A second explanation for the changing choice of OPs is that different OPs are optimal for different magnitudes of injected test pulses. This behavior is expected since we know that our formulation of rewards is a trade-off between low noise and linear detector response, and larger injected pulses are more likely to exceed the region of linear detector response. This switching between OPs is studied in more detail with the experiments conducted on the live CRESST setup in “Live Operation on the CRESST Setup” section, to prevent effects that only emerge in the virtual environment. We found that both effects explained above likely impact the choice of action and jointly cause the switching between OPs during inference trajectories. However, this is not a limitation of our method since one can always fix the OP corresponding to a specific magnitude of injected test signal for the final operation of the experiment, the physics data taking. On the contrary, it allows one to choose an OP that provides the desired trade-off between linearity and low-noise conditions for a certain recoil energy of interest. A possibility to generally prevent this behavior would be to redefine the environment step not as the injection of one test pulse but as the injection of the whole sequence of test pulses, calculate the reward, and choose a new action only after all test pulses are injected. While this would certainly prevent the switching of the agent between OPs due to different optimality for different injected TPAs, acquiring a suitable amount of experience in the environment would take much longer. Another possibility is to randomize the order of the test pulses, which would leave only jumps due to the random initialization of the neural networks.

We tested the optimality of the OPs that the SAC agents found by comparing them with a benchmark value that a human expert for the physics data taking of a previous measurement period found. The detectors simulated in the virtual environment were tuned such that their expected performance in their optimal operation point is the same as the performance reached by the human operators in that data taking period (subject to Gaussian randomization of the parameters, see “Modeling the Detector Response and Noise” section).
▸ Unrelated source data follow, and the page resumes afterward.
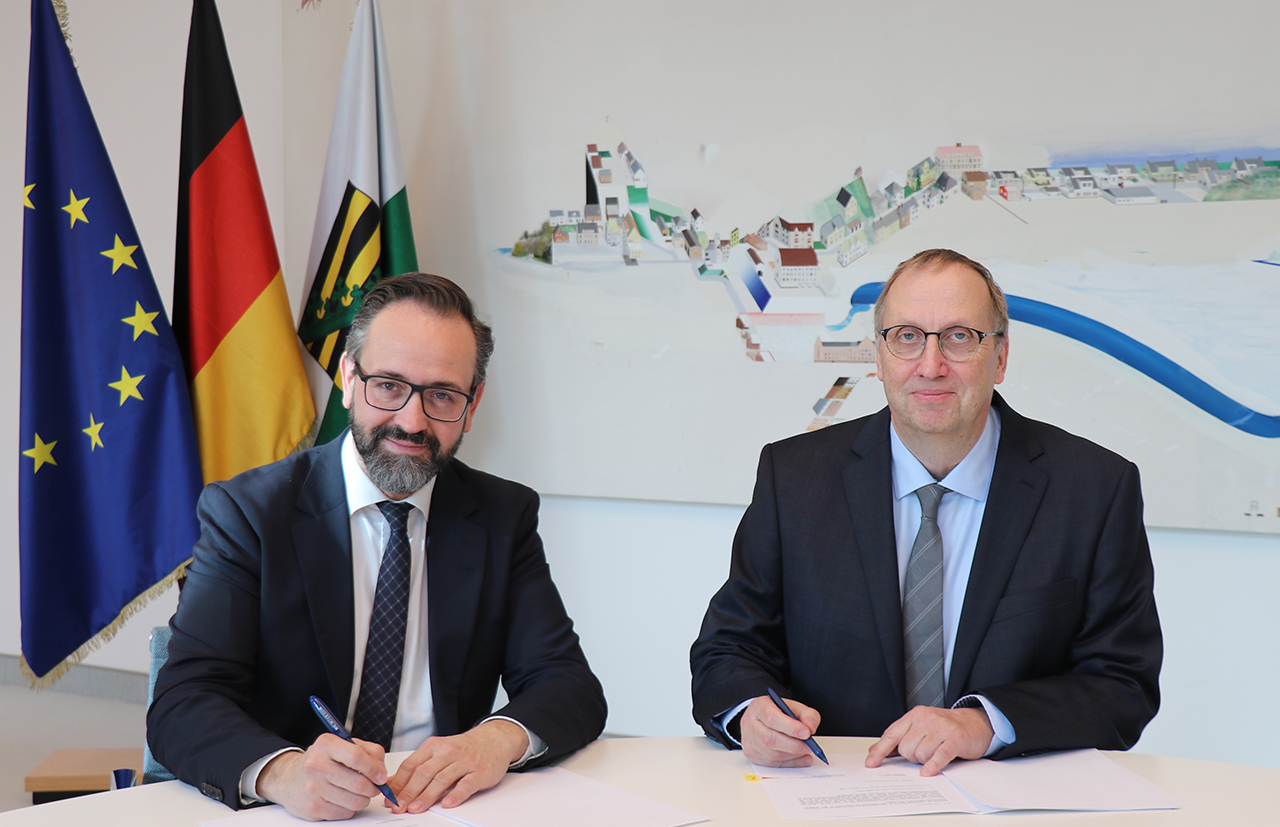Wissenschaftsminister Sebastian Gemkow (li.) und der kommissarische Rektor der Dualen Hochschule Sachsen, Prof. Dr.-Ing. Frank Schweitzer bei der Unterzeichnung der Zielvereinbarung für die Duale Hochschule Sachsen DHSN
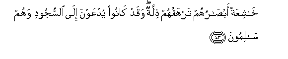 43. Macho yao yatainama chini, fedheha itawafunika. Na hakika walikuwa
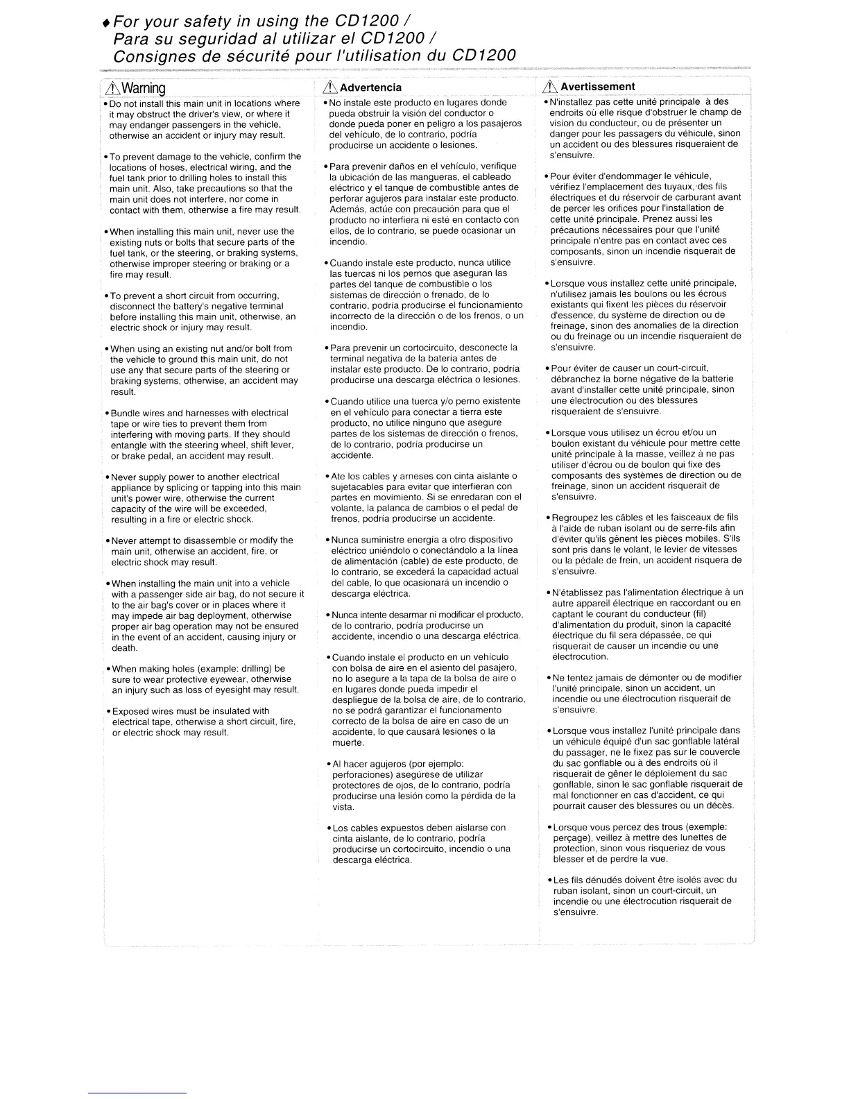 • When installing the main unit into a vehicle
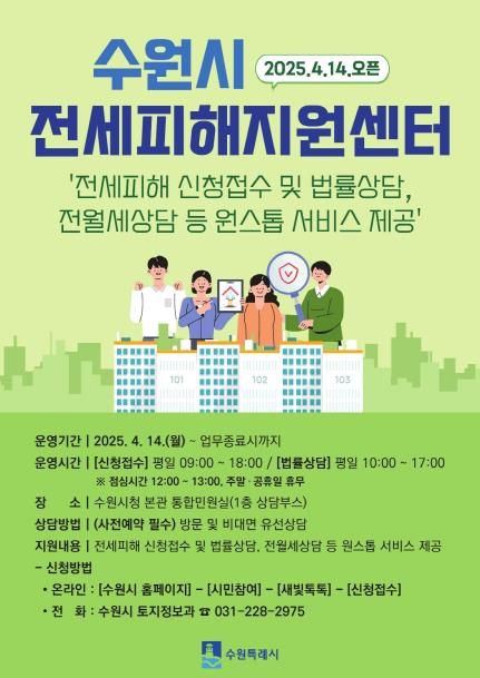 (비전21뉴스=정서영 기자) 수원시는 전세사기 피해자 지원을 강화하기 위해 수원시청 본관 1층 통합민원실 내에 ‘수원시 전세피해지원센터’를 정식 운영한다.
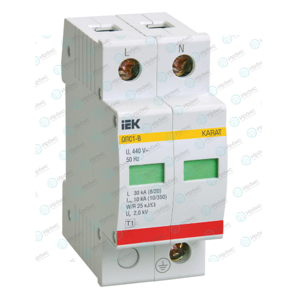 Ограничитель импульсных перенапряжений ОПС1-B 2Р In=30kA Un=400B Im=60kA, IEK MOP20-2-B
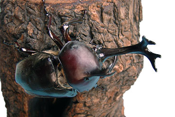 柏原市は古墳が沢山あり、横穴式古墳は洞窟のようで探検好きの小学生には格好の遊び場所でした。小学校の下校途中、道路から脇にそれたくぬぎ林で日中にもかかわらずカナブンと一緒に樹液を吸う大型の甲虫を発見しました。慌てて捕まえるとかわいい角を持った♂のカブちゃんでした。
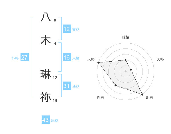 八木 琳祢さんを姓名の画数から五運を鑑定
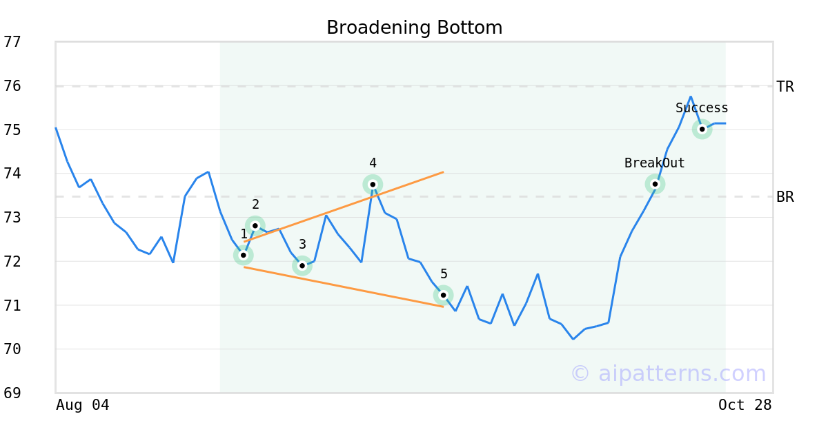 On September 19, 2025, A.I.dvisor detected a Broadening Bottom Pattern (Bullish) for Agree Realty Corp (ADC, $70.96). On October 15, 2025, A.I.dvisor confirmed the Bullish pattern, setting a target price of $75.98. 6 days later, on October 21, 2025, ADC reached the target price resulting in a for traders who took a long position in the stock.
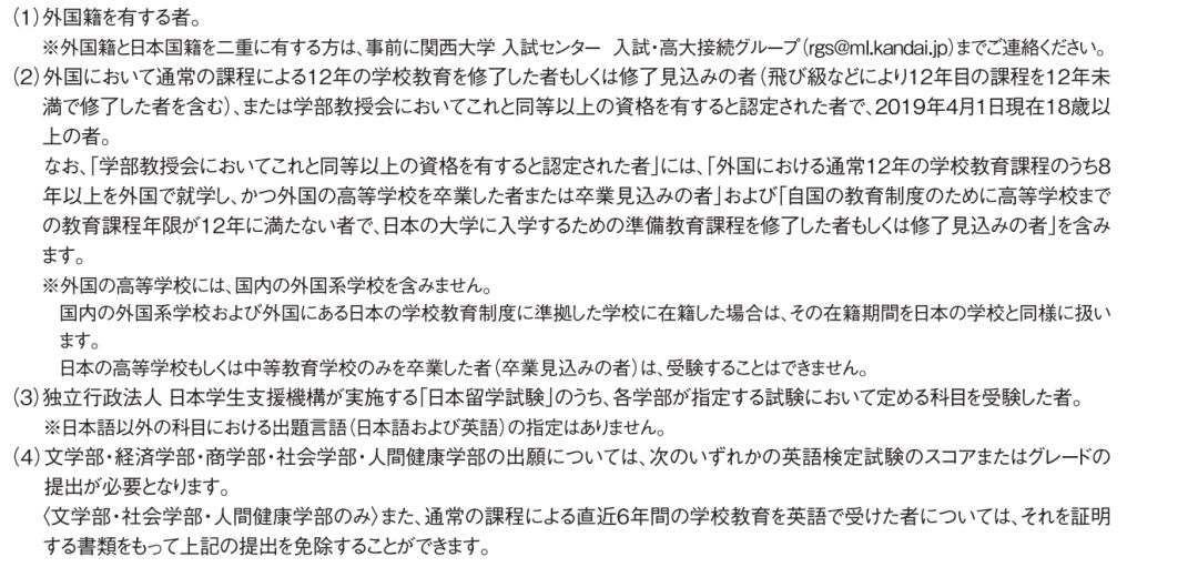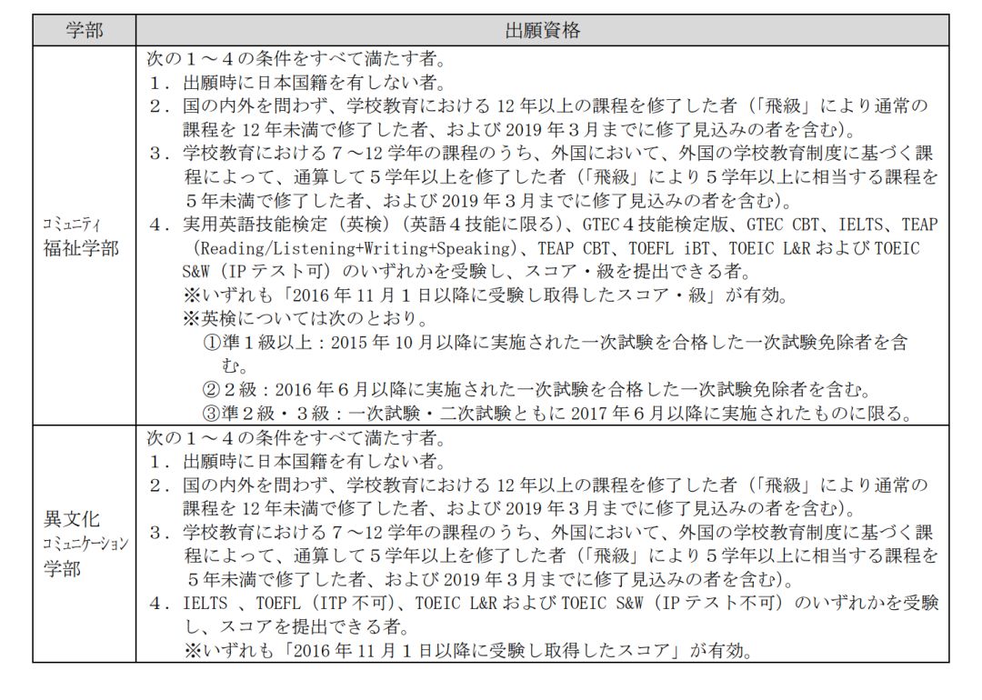 ⑴ 外国において、学校教育における12年の課程を修了した者および2019年3月31日までに修了見込の者。ただし12年の課程のうち、日本の学校教育法に基づく小学校・中学校・高等学校もしくは中等教育学校に在学した期間が通算年以内である場合も出願資格を有するものとする.
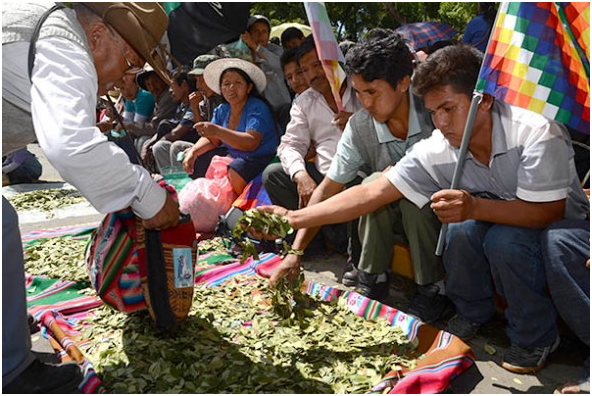 Productores de coca realizan un acto de reivindicación de la coca en la plaza principal de Cochabamba, a principios de año. Los Tiempos
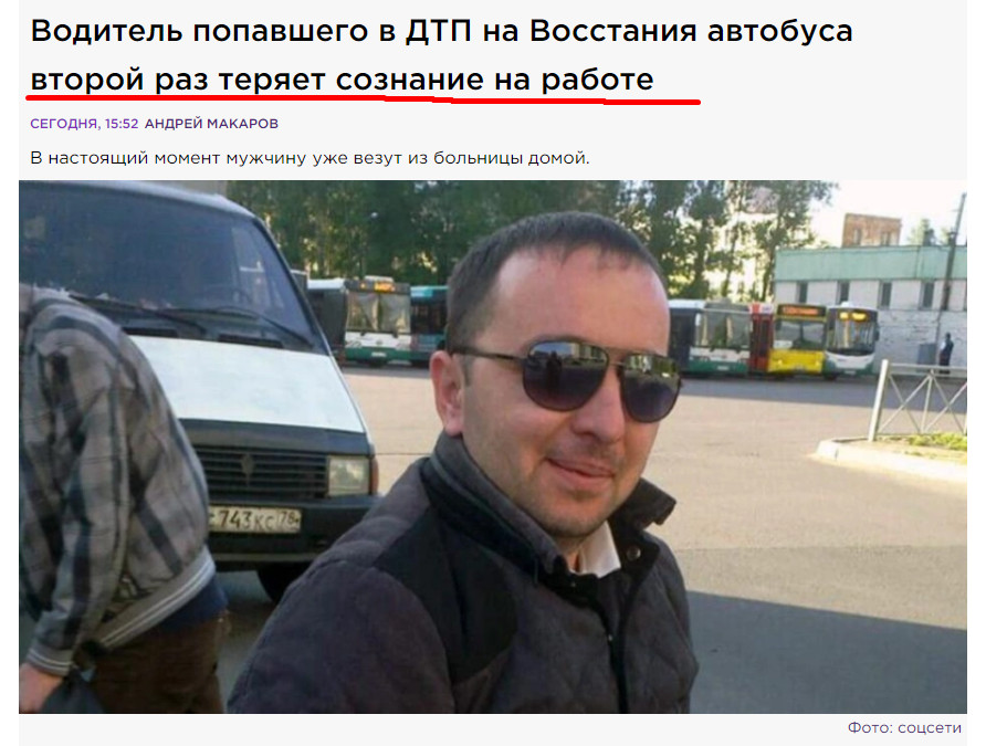 Однако, как стало известно 78.ru, у 39-летнего водителя автобуса, устроившего массовую аварию на площади Восстания, и ранее наблюдались проблемы со здоровьем.
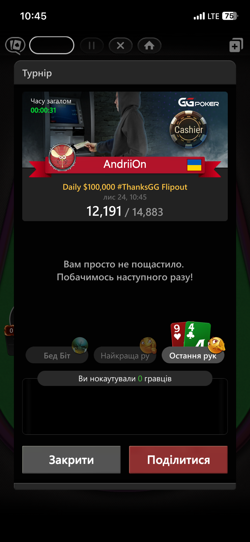 Отже результат… формат звісно дивний, всі в олині…щось виграти шанси нульові))
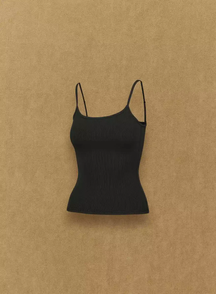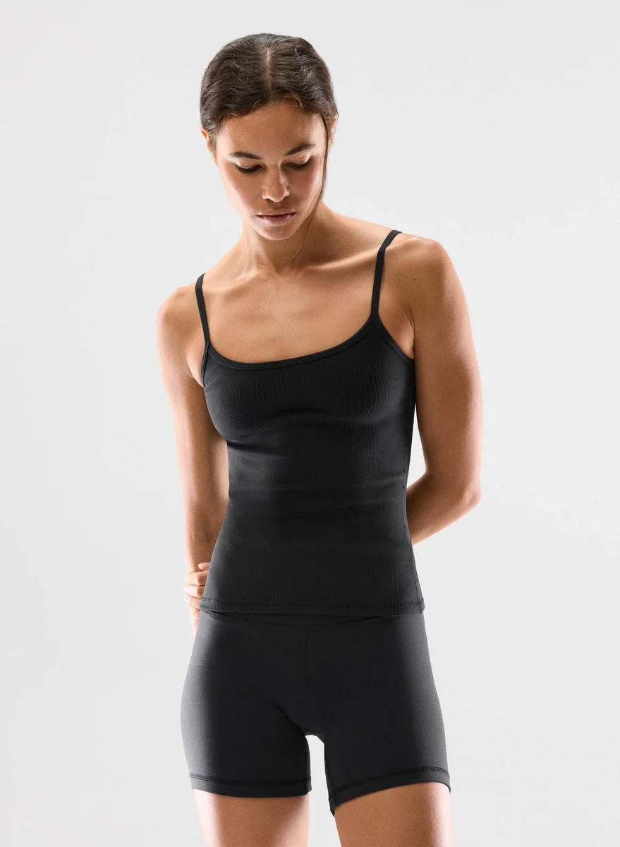 Nothing-not-to-like tankThis is a scoopneck cami with adjustable straps and a tight fit. It’s made with LIFE Rib— a versatile, body-hugging fabric that’s sweat wicking and cottony soft. This version has a ribbed texture.

We calculated the average reward of 60 test pulses from the previously recorded data with the benchmark OP. Furthermore, we ran inference trajectories with the trained SAC agents on their individual detector versions and recorded the average reward during those inference trajectories. The results are visualized in Fig. 5. The comparison between different detector versions and the benchmark value is subject to uncertainties. First, randomizing the physics parameters in the detector versions also leads to a randomization of the overall achievable energy threshold and average reward. Second, the results shown in Fig. 5 include all training and environment scenarios and choices of hyperparameters, while some of them lead to systematically better or worse results than others. Third, the benchmark values were obtained by the effort of a team of several human experts and recorded during physics data taking. In this period, control settings were not adjusted over a long time period, leading to stable equilibrium conditions. On the contrary, the RL agent frequently adjusts the control settings, which can cause long-term thermal relaxation processes and, therefore, less stable noise baselines and a higher RMS value. However, we can state the overall observation that the SAC agent reaches, given suitable choices of training hyperparameters, similar average rewards as the human experts could.

Fig. 5
figure 5

Histogram of the average reward achieved during inference trajectories with the trained agents for the 105 versions of Li1P (red, top), Li1L (blue, center), and Li2P (green, bottom) each. Rewards from versions with opportune choices of hyperparameters cluster around a benchmark value (black line), achieved by a human expert. The suboptimal versions appear at lower reward values in the histogram. The results of Li1L surpass the benchmark value, since higher pulses saturate stronger in this detector, which can be accounted for with the machine learning method

Overall, it was shown in this section that SAC agents can be trained to find optimal OPs for TES-based cryogenic calorimeters within our virtual environment. The required equivalent measurement time varies with the chosen hyperparameters and detector but can be estimated to be several hours. While an expert can likely perform this task equally fast by hand, our procedure can be parallelized for all operated detectors and executed during time periods when manual interactions are cumbersome, e.g., at night. In the following section, we validate our method by operating on the real-world environment of the CRESST experimental setup. While all experiments in this section were conducted with standard detector designs, our method can also be applied to more complex designs with more interacting control parameters. This is shown in Appendix H, where we train on virtual detectors with two TES.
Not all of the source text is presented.